Je n'en crois pas mes yeux. Lily se dresse devant moi, aussi inexpressive que si elle lisait la gazette du sorcier, tenant du bout de ses doigts ensanglantés ce morceau de verre qu'elle vient de retirer de la jambe du dénommé Lukas qui lui hurle des insultes qui ne lui font ni chaud ni froid. Je crois même apercevoir un demi-sourire sur son visage quand il se penche sur sa jambe et essaye d'arrêter l'hémorragie. Je ne sais pas où elle a visé, mais je sais qu'elle avait une idée précise de l'endroit où il fallait planter le verre pour que le sang se déverse autant. Lily Evans ne fait jamais les choses sans réfléchir.
« Tu vas me le payer sale petite garce ! S'exclame le mangemort en brandissant sa baguette vers elle. »
Elle tâte sa poche à la recherche de la sienne, et je lis pendant une fraction de seconde de la détresse sur son visage quand elle ne la trouve pas. Cependant, elle se rue sur le mangemort sans lui donner l'occasion de se réjouir, et je ne suis pas étonné quand je la vois prendre le dessus sur lui. C'est elle. C'est celle que j'ai rencontré la première fois, c'est le robot qui ne connaît pas la défaite, le robot qui encaisse les coups sans donner l'impression d'avoir mal et qui essuie le sang qui perle au coin de ses lèvres sans la moindre inquiétude. C'est la Lily que je redoute.
« Finite ! Lance Rémus dans ma direction après avoir subtilisé la baguette de Many. »
Je peux enfin bouger. Je me saisis de ma baguette pour envoyer des étincelles dans le ciel mais je constate que la brigade d'aurors arrive déjà. J'ai juste le temps de me retourner pour voir Lily brandir le morceau de verre au dessus du mangemort allongé face contre terre, les deux bras bloqués dans le dos par la jeune femme qui les lui écrase avec son genou.
« Non ! Lily, non ! Je m'écrie en m'avançant rapidement vers elle. »
Ses mains se figent en l'air, mais elle ne lâche pas son arme. Je sais que je pourrais lui faciliter les choses en sortant ma baguette et en l'immobilisant mais je ne veux pas. Je veux qu'elle fasse le bon choix d'elle-même, je veux m'assurer qu'elle a changé même si elle ne l'a pas remarqué.
Soudain, elle abaisse rapidement ses mains et j'inspire sous le coup de la surprise sans avoir le temps de faire un seul geste pour l'empêcher de planter le morceau de verre dans le mangemort, mais ce n'est pas la tête de notre ennemi qu'elle vise, c'est le parquet, juste à côté de son visage.

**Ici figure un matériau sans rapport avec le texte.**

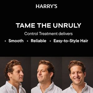 Questo template quadrato è pensato per promuovere un trattamento hair control da uomo contro capelli crespi e ingestibili. Il design punta su un header nero a tutta larghezza con testo bianco ad altis...

« C'est ton jour de chance, lui confie-t-elle avant de se relever. »
Elle me jette un regard glacial, comme si je venais de la priver de quelque chose d'important que je ne comprenais pas, et elle passe à côté de moi sans un mot, enjambant sans les voir les corps des femmes qui, un peu plus tôt, fêtaient encore un enterrement de vie de jeunes filles.